4.1 Important Facts and Formulae

4.2 Solved Problems

Chapter 4 Simple Interest

4.1 Important Facts and Formulae

1. Principal : The money borrowed or lent out for a certain period is called the principal or the sum.

2. Interest : Extra money paid for using other’s money is called interest.

3. Simple Interest (S.I.) : If the interest on a sum borrowed for a certain period is reckoned uniformly, then it is called simple interest.
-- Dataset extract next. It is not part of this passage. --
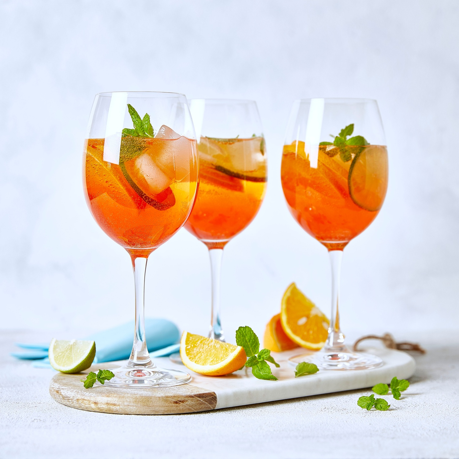 - Die Orangen- und Limettenscheibe mit ein paar Eiswürfeln in ein Glas geben. Mit dem Apice, dem Prosecco und einem Schuss Mineralwasser auffüllen. Mit Minze garniert servieren.

Let Principal \(= P\), Rate \(= R\%\) per annum (p.a.) and Time \(= T\) years. Then,

(i) \(SI = \left (\dfrac {P \times R \times T }{100}\right )\)

(ii) \(P=\left ( \dfrac {100 \times SI}{R \times T} \right ) \); \(R=\left ( \dfrac {100 \times SI}{P \times T} \right ) \); \(T=\left ( \dfrac {100 \times SI}{P \times R} \right ) \);

4.2 Solved Problems

1. Find the simple interest on Rs. 68,000 at \(16 \dfrac {2}{3}\%\) per annum for 9 months.

Solution. Given \(P=\rs 68000, R = 16 \dfrac {2}{3}\% = \dfrac {50}{3}\%\) and \(T = 9 \) months \(=\dfrac {9}{12}\) years \(= \dfrac {3}{4} \) years.
\(SI= \dfrac {P \times R \times T }{100} = \rs \left ( 68000 \times \dfrac {50}{3} \times \dfrac {3}{4} \times \dfrac {1}{100} \right ) = \rs 8500 \)

2. Find the simple interest on Rs. 3000 at \(6 \dfrac {1}{4}\%\) per annum for the period from 4th Feb., 2005 to 18th April, 2005.

Solution. Given \(P=\rs 3000\), \(R= 6\dfrac {1}{4}\% p.a = \dfrac {25}{4}\% p.a\)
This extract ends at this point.